**Brief**: Below is a listing with pictures in it. Copy it exactly without them.

**Data shown**:
============

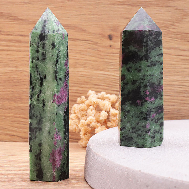 Pointe polie rubis zoïsite AA 70 à 100g (1 pièce)
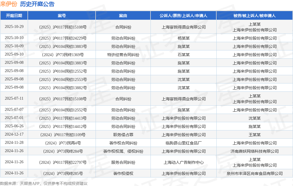 根据统计,近一年内以上海来伊份股份有限公司为当事人的历史开庭公告有17则,其中案由为“劳动合同纠纷”的公告以9则居首,其次为“合同纠纷”有2则,“服务合同纠纷”有1则。历史开庭公告如下:
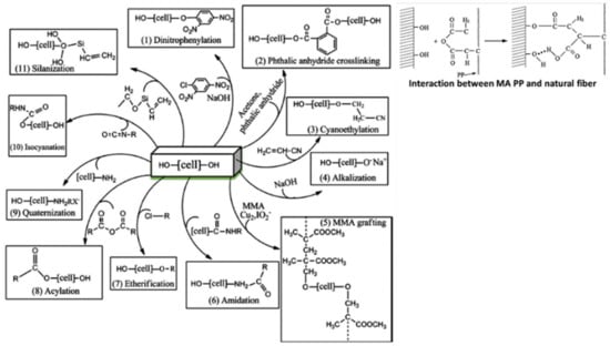 Chemical modification treatments on fiber’s surface. Reproduced with permission from [40]. Copyright 2019 Elsevier.

============

**Answer to this task**:
 Pointe polie rubis zoïsite AA 70 à 100g (1 pièce)
 根据统计,近一年内以上海来伊份股份有限公司为当事人的历史开庭公告有17则,其中案由为“劳动合同纠纷”的公告以9则居首,其次为“合同纠纷”有2则,“服务合同纠纷”有1则。历史开庭公告如下:
 Chemical modification treatments on fiber’s surface. Reproduced with permission from [40]. Copyright 2019 Elsevier.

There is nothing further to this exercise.